The clay mixture is then thoroughly precipitated, activated with 200 g Alumina (particle size up to 45 li) and 40 g dry, powdered molybdenum trioxide mixed up. The dry mixture is then mixed with 150 g of a 40% aqueous solution made of nickel nitrate hexahydrate.

This creates a stiff paste, which then passes through nozzles 4.75 mm in diameter and extruded under a pressure of 14 kg / cm2 and then cut into pieces 3.17 mm in length. After drying and Calcining for 8 hours at 650 ° C. results in cookies with a loss due to abrasion certain hardness of about 97 and the following composition (dry weight): percent by weight Acid-Treated Bentonite ............. 49.0 Ballton .............................. 4.2 t112Og ................................ 44.0 MoOg .......... ...................... 8.9 NiO ................................. 3.5 All in Examples II, III and IV shown catalysts and other similar masses containing one or more heavy metal oxides are particularly useful for the various hydrocarbon conversion reactions, such as refining, hydrogenation, hydroforming, reforming, cracking, crack hydrogenation and the like suitable.

With such conversions, alternating ones accumulate during operation Lots of debris, mostly made up of carbon, nitrogen and sulfur compounds insist on the catalyst, from which it periodically burns off be removed with air. The regenerated catalyst has after the reduction Hydrogen has practically the same catalytic activity as the freshly made one Catalyst even after a large number of regenerations.

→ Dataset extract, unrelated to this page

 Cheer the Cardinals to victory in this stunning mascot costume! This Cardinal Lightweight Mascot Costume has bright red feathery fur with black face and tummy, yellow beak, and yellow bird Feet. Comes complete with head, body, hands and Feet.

PATENT CLAIMS: 1. Process for the production of abrasion-resistant, catalytic acting masses of powdered mixtures of an acid-treated one plasticized with water Bentonite and another clay mineral by molding, drying and calcining, where, if necessary, catalytically active substances are added, characterized in that that as another clay mineral, finely divided kaolin clay in an amount of 5 to 35 ge weight percentage, based on the dry mixture of kaolin and bentonite.

Claims (1)

2. The method according to claim 1, characterized in that the Clay mixture a finely divided oxide gel from the group of silica, alumina, silica-alumina, Titanium oxide, thorium oxide, zirconium oxide and magnesium oxide in such quantities under homogeneous Mixing adds that 30 to 90 percent by weight of this oxide gel in the end product are present. 3. The method according to claim 2, characterized in that 22.5 up to 57 percent by weight clay mixture, 35 to 65 percent by weight oxide gel and 6 to 21 Percentage by weight of a catalytically active, finely divided oxide of a metal Group VI and / or Group VIII mixed homogeneously with one another. 4. The method according to claim 3, characterized in that as catalytically active oxide 5 to 15 percent by weight molybdenum oxide used. 5. The method according to claim 4, characterized in that one also Introduces 1 to 6 weight percent cobalt oxide. 6. The method according to claim 2 to 5, characterized in that the Oxydgel is a powdered clay gel with an average particle size below 50 p is. 7. The method according to claim 3 to 6, characterized in that one an aqueous solution of a metal salt with the other components before they are deformed and drying, and then the mixture of masses to form the calcined catalytically active metal oxide. 8. The method according to claim 3 to 6, characterized in that one the preformed and dried clay mixture with an aqueous solution of a Metal salt impregnated and that one then again dried and calcined. Considered publications: German Patent Specifications No. 664 817, 742 196.